New research into the case of Marinus van der Lubbe presented in a tv documentary confirmed that van der Lubbe wouldn't have been able to torch the Reichstag on his own. The producers of the tv documentary "Neues vom Reichtagsbrand" conclude that he was used as a scapegoat. According to the researchers the nazis themselves set fire to the Reichstag, the symbol of the democracy in Germany. Shortly after the fire Hitler issued a new law in which he became the sole ruler of Germany. "The Reichstag was burned down and shortly after the world", according to the researchers.The researchers uncovered a conspiracy of former high nazi officials who manipulated journalists of the magazine "Der Spiegel" to keep pointing the finger at van der Lubbe. The former nazi officials wanted to honor Hitler and grant him a favor for the last time. 

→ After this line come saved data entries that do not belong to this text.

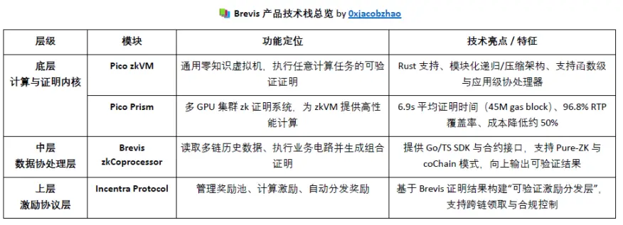Brevis builds a multi-chain trusted computing layer with "universal zkVM (Pico/Prism)" and "data coprocessor (zkCoprocessor)": the former solves the problem of verifiability of arbitrary calculations, and the latter realizes the business implementation of historical and cross-chain data.
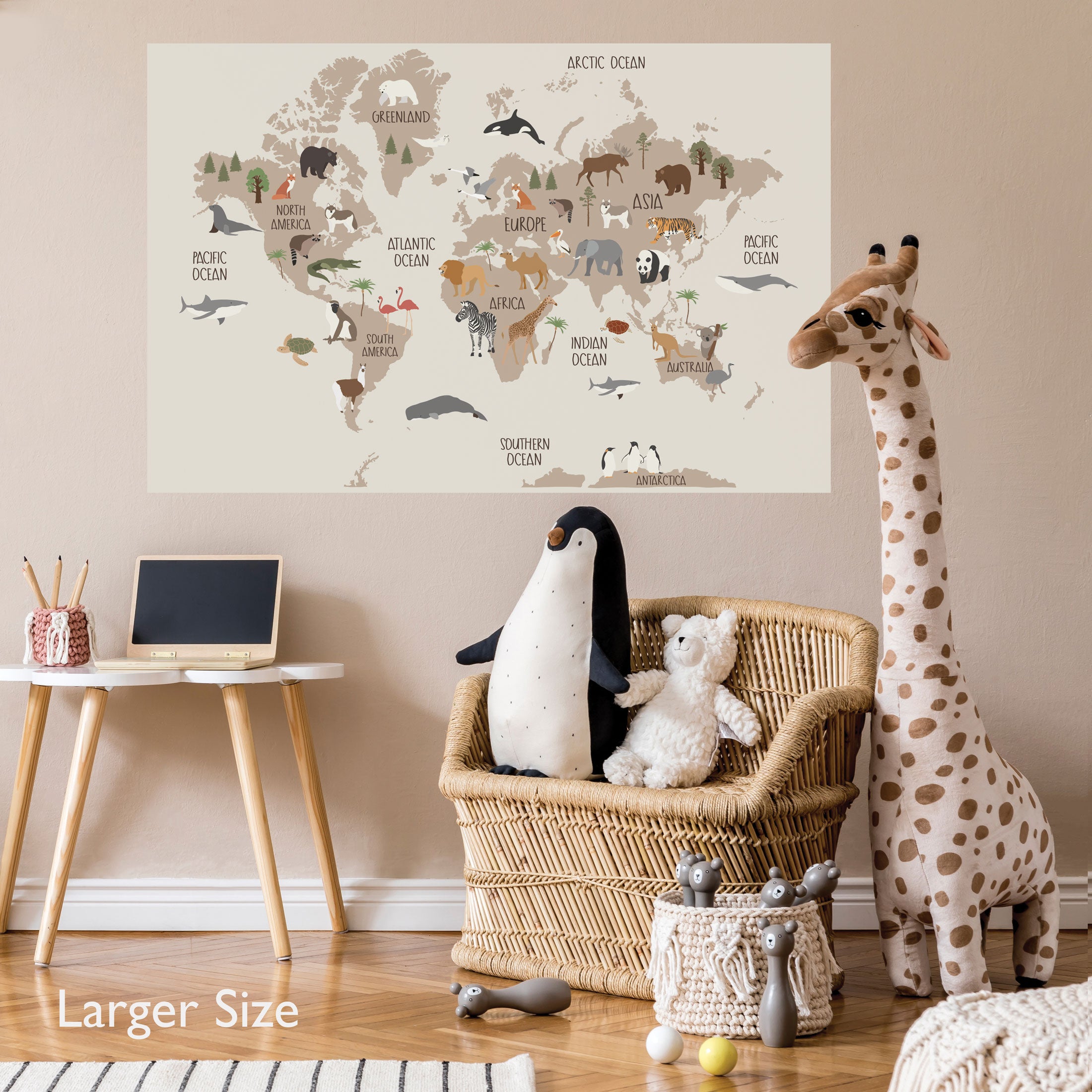 Neutral World Map Wall Decal, Animal World Map Wall Sticker, Kids
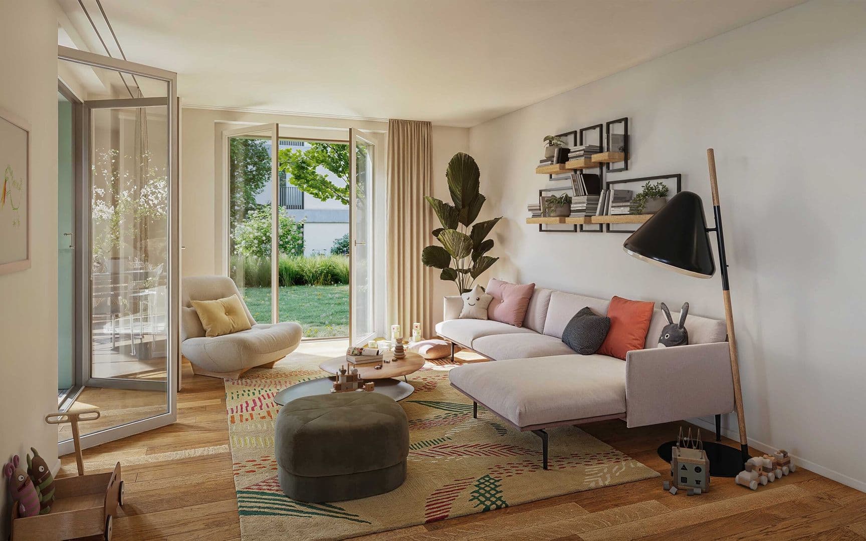 Chaque appartement a été conçu avec soin pour offrir un espace de vie chaleureux, fonctionnel et baigné de lumière naturelle. Du 2.5 au 5.5 pièces, sur un ou plusieurs étages, les logements proposent des volumes généreux, des agencements intelligents, de grandes terrasses et, au rez-de-chaussée, des jardins privatifs.
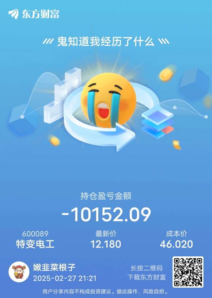温馨提示: 1.根据《证券法》规定,禁止编造、传播虚假信息或者误导性信息,扰乱证券市场;2.用户在本社区发表的所有资料、言论等仅代表个人观点,与本网站立场无关,不对您构成任何投资建议。用户应基于自己的独立判断,自行决定证券投资并承担相应风险。《东方财富社区管理规定》
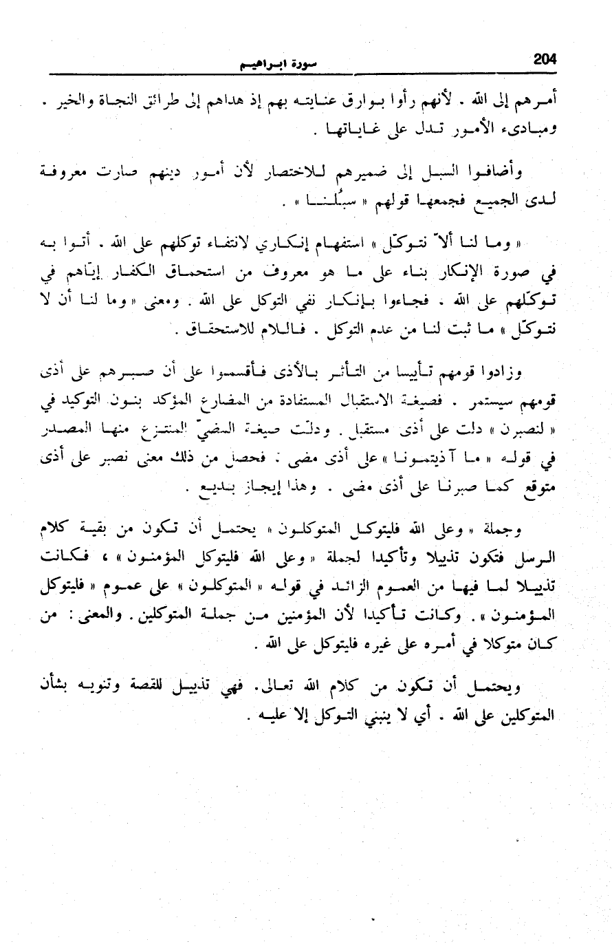 وَجُمْلَةُ وَعَلَى اللَّهِ فَلْيَتَوَكَّلِ الْمُتَوَكِّلُونَ يُحْتَمَلُ أَنْ تَكُونَ مِنْ بَقِيَّةِ كَلَامِ الرُّسُلِ فَتَكُونَ تَذْيِيلًا وَتَأْكِيدًا لِجُمْلَةِ وَعَلَى اللَّهِ فَلْيَتَوَكَّلِ الْمُؤْمِنُونَ فَكَانَتْ تَذْيِيلًا لِمَا فِيهَا مِنَ الْعُمُومِ الزَّائِدِ فِي قَوْلِهِ: الْمُتَوَكِّلُونَ عَلَى عُمُومِ فَلْيَتَوَكَّلِ الْمُؤْمِنُونَ. وَكَانَتْ تَأْكِيدًا لِأَنَّ الْمُؤْمِنِينَ مِنْ جُمْلَةِ الْمُتَوَكِّلِينَ. وَالْمَعْنَى: مَنْ كَانَ مُتَوَكِّلًا فِي أَمْرِهِ عَلَى غَيْرِهِ فَلْيَتَوَكَّلْ عَلَى اللَّهِ.
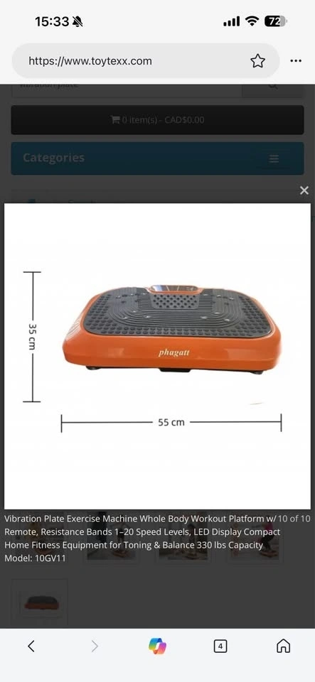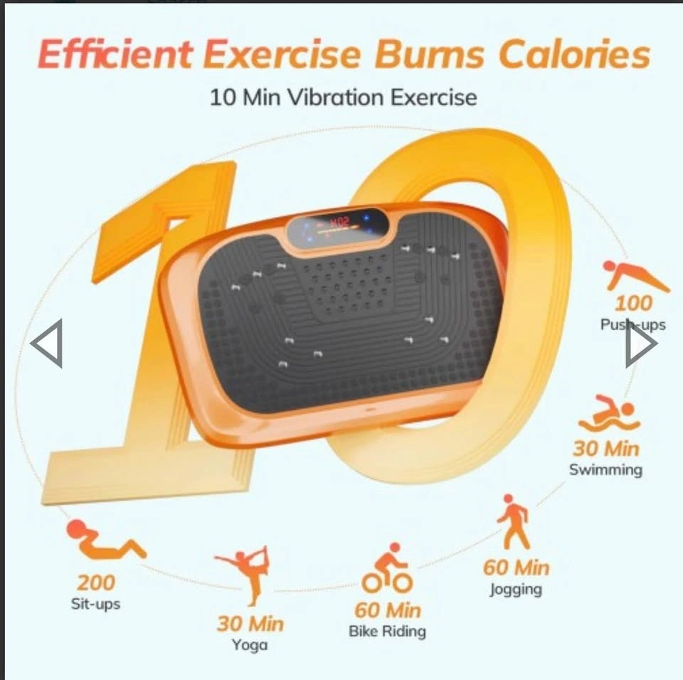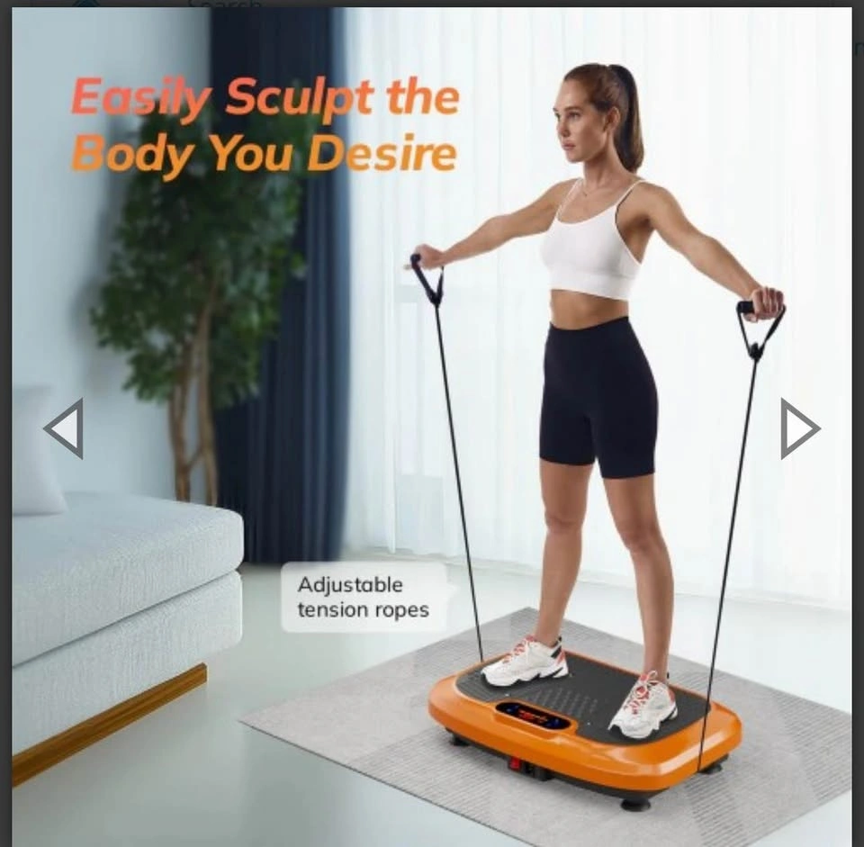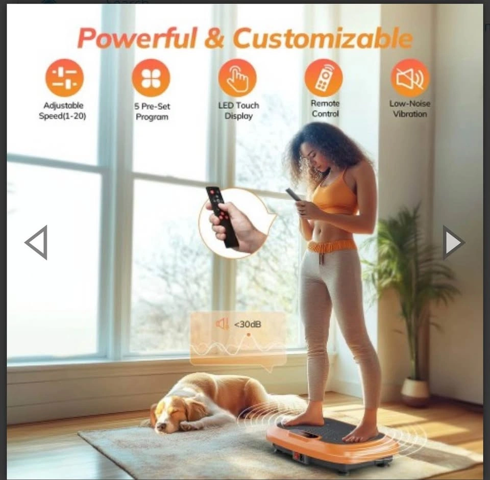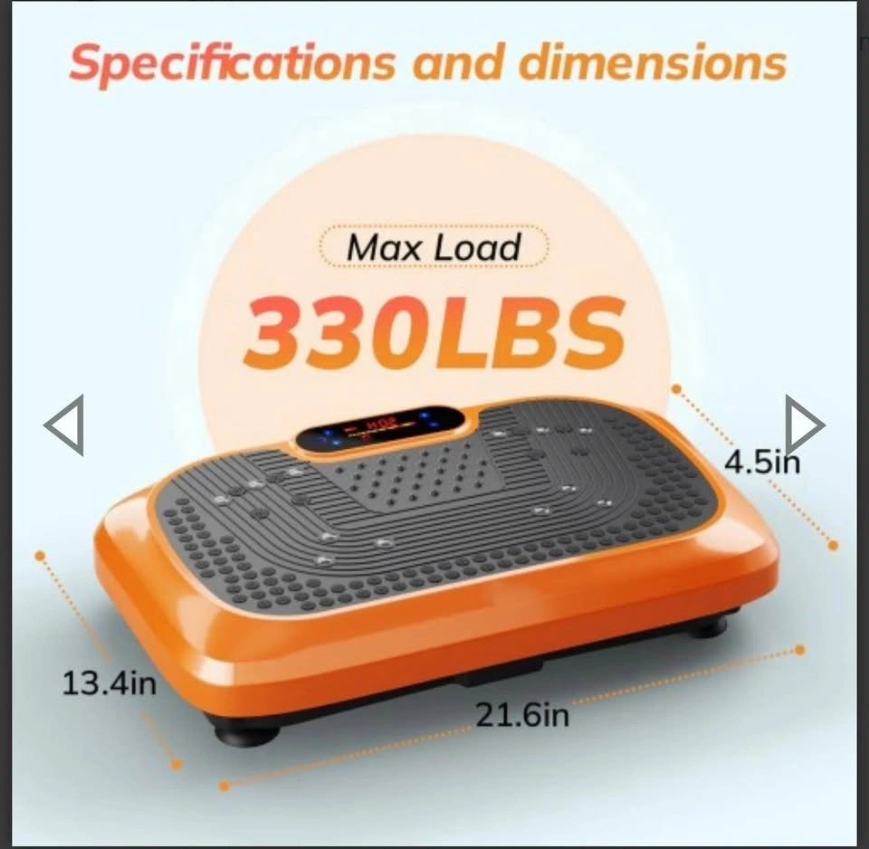 This is brand new in box, received as an annual party gift. It offers full-body vibration training with 20 adjustable speeds and auto programs. The anti-slip surface provides stable support up to 330 lbs. Includes remote and resistance bands. Speed Levels: 1–20. Display: LED Touch Panel. Max Weight Capacity: 330 lbs / 150 kg. Dimensions: 55 cm x 35 cm x 11.4 cm.
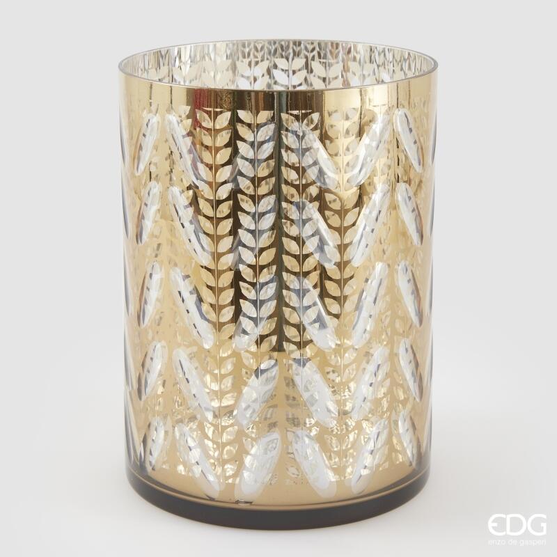 BOUGEOIR EN VERRE FEUILLES EFFET MIROIR H24 D18 / AMBRE
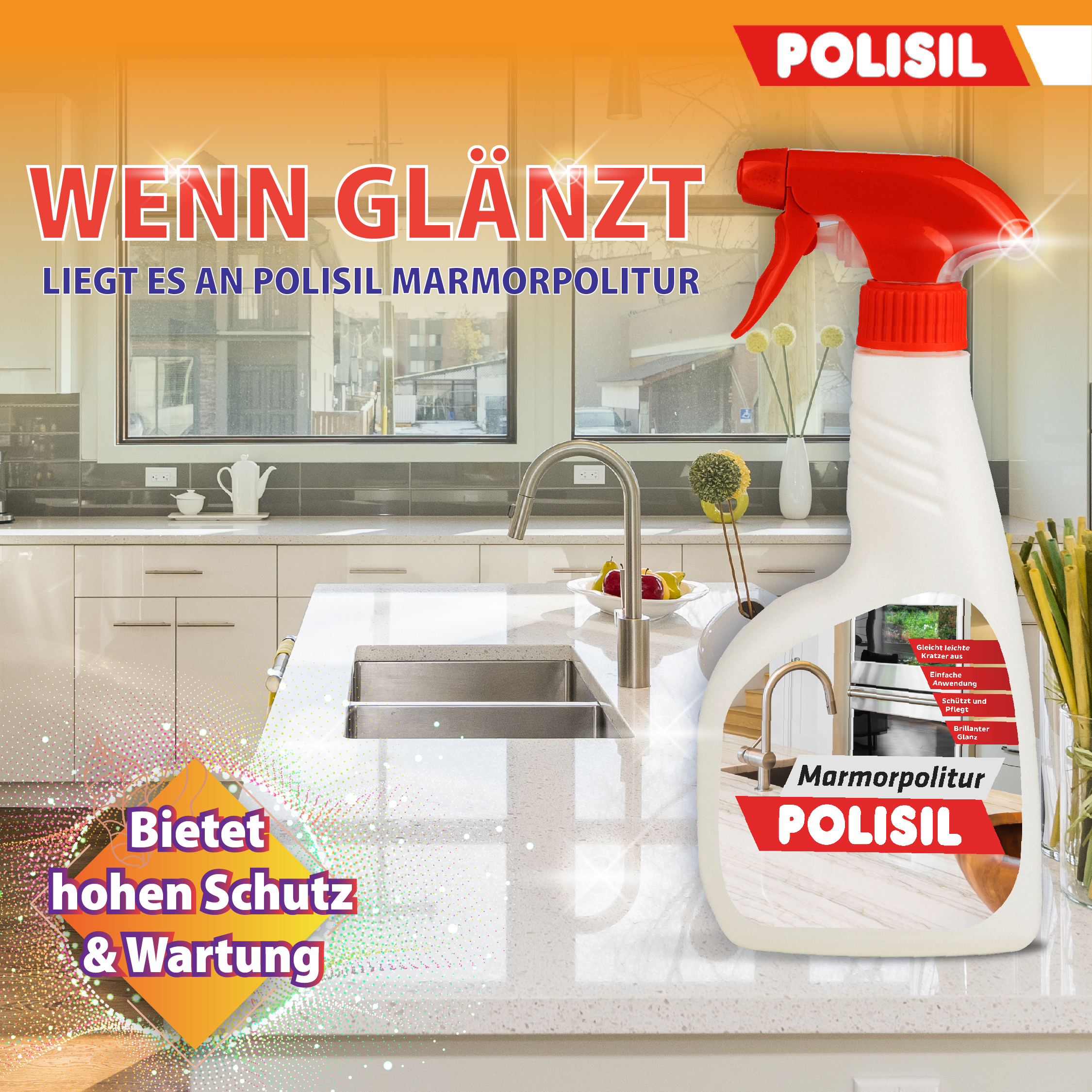 Polisil Marmorpolitur verleiht matten und stumpfen Marmoroberflächen ein lebendiges Aussehen und schützt vor Wassertropfenflecken und Verschmutzungen. Durch die regelmäßige Anwendung wird die Entstehung von Gebrauchs- und Laufspuren verringert und abgedeckt. Es ist einfach, die Polierarbeit zu erledigen und einen brillanten Glanz zu erhalten. Sie gleicht leichte Kratzer aus.

In the film the researchers were able to provide some proof for their statements. They suggested that large cardboard nameplates, with the names of 600 members of Pairlement were used to set fire to the Reichstag. The nameplates were found at unusual places and not in the proper storage. Suggested is, that these plates were used to set fire a several places in the Reichstag. The prominent chairman of the board of the "Institut fur Zeitgeschichte" in Muenchen, Horst Moeller, states that a fire of this magnitude couldn't possible have been caused by one man. According to the head of the fire department of Berlin, the fire must have been set a several places throughout the Reichstag.For other historians the fire has been set by the poor bricklayer from the Netherlands and no nazi conspiracy was proven. According to these historians, van der Lubbe set fire to the curtains in the great meeting hall and the fire was soon out of control. They accuse the researchers and the producers of the documentary of leftwing ideas and of loss of their impartiality in their investigation. They suggest there is not one bit of prove that the nazis were responsible or that more than one man was involved in the fire. 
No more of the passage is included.